In late February, the drug MDMA – more commonly known as ecstasy – was legalised for medical use in Australia, the first country on earth to do so. From July, approved psychiatrists in Australia will be able to prescribe MDMA to patients suffering from Post-Traumatic Stress Disorder (PTSD).



MDMA in the from of ecstasy pills: the most common way MDMA is sold and taken illegally (Photo: Flickr/Me)



Dr. Ben Sessa, a leading psychedelic researcher in the UK affiliated with Imperial College London, described the move as “a major step forward in the global psychedelic healthcare industry”.

The decision comes after decades of clinical trials and lobbying from various scientific institutions, with the Multidisciplinary Association for Psychedelic Studies (MAPS) being at the forefront of this research.

In 2021, MAPS completed its first phase three clinical trial (a trial involving a large pool of test subjects), and the results were very encouraging.
The study found that 87% of people treated with MDMA had significant improvement in their PTSD, while 67% “no longer qualified for a PTSD diagnosis”. These results are groundbreaking and extremely promising for people who suffer from PTSD.

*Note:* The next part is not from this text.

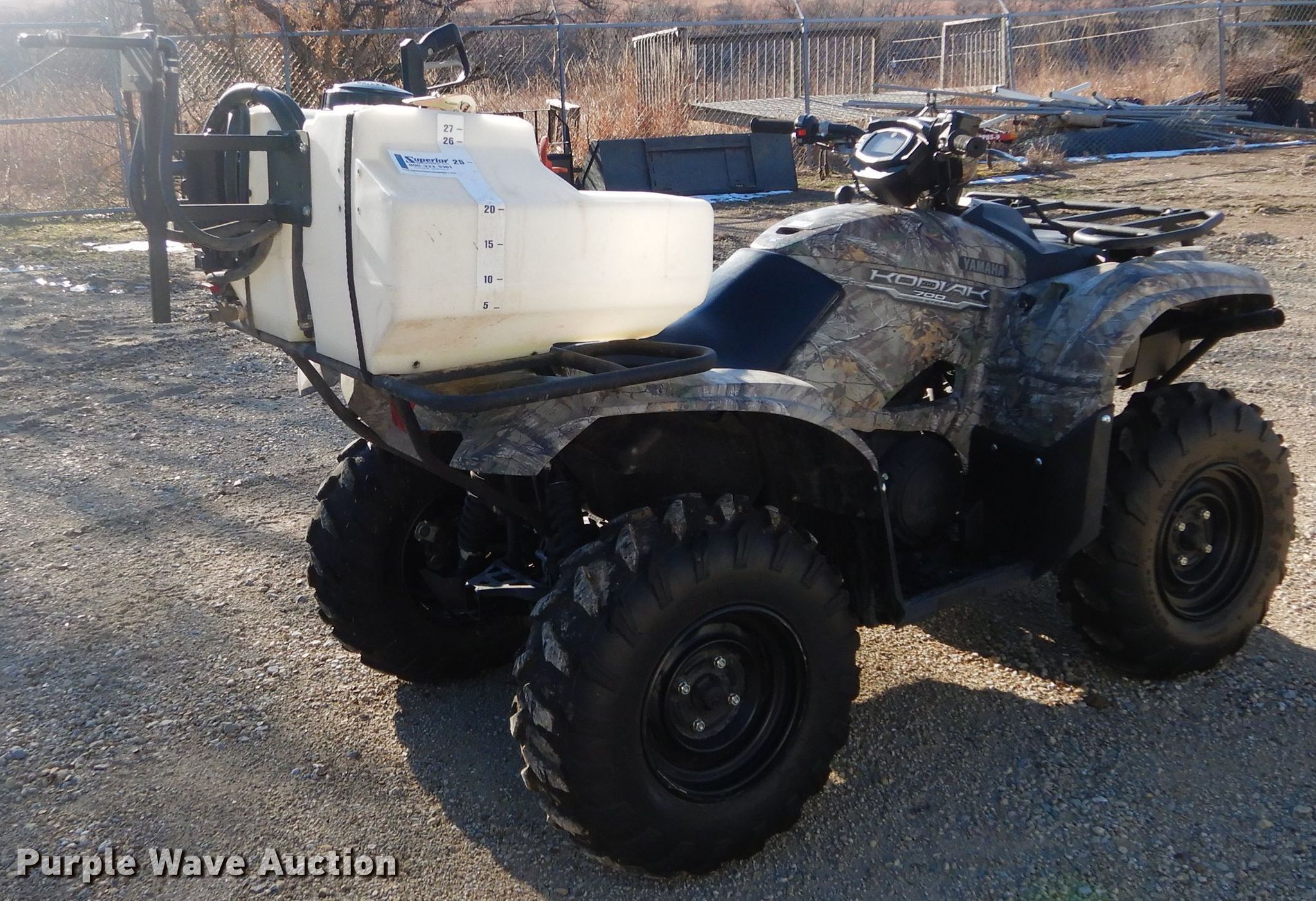 Purple Wave is selling a used ATV in Kansas. This item is a 2016 Yamaha Kodiak ATV with the following: 139 miles on odometer, 15 hours on meter, 700cc single cylinder gas engine, Automatic transmission, Superior 12' boomless sprayer, 27 gallon tank, Wand, AT25x8-12 front tires, AT25x10-12 rear tires

MDMA clinical treatment involves multiple sessions of counselling paired with a dose of MDMA (Photo: pexels/Alex Green)


In light of Australia’s legalisation, prominent British medical experts such as David Nutt (a neuropsychopharmacologist at Imperial College London) have called on the UK government to do the same, claiming there is “no reason” not to at this stage.

Dr. Ben Sessa explained that MAPS is “leading the way in getting MDMA approved and licenced by the FDA” - the US regulatory agency - with the hope that it will simultaneously get an EMA/MHRA licence, which would allow for UK use. According to MAPS' projections, MDMA will be legally available somewhere in the latter half of 2024.

However, this is not guaranteed and will depend on the drug getting FDA approval and then the UK following suit. Whether or not this new treatment is introduced and expanded in the UK will come down to whether UK politicians choose to follow the ever-growing clinical evidence or stick with the anti-drug political dogma.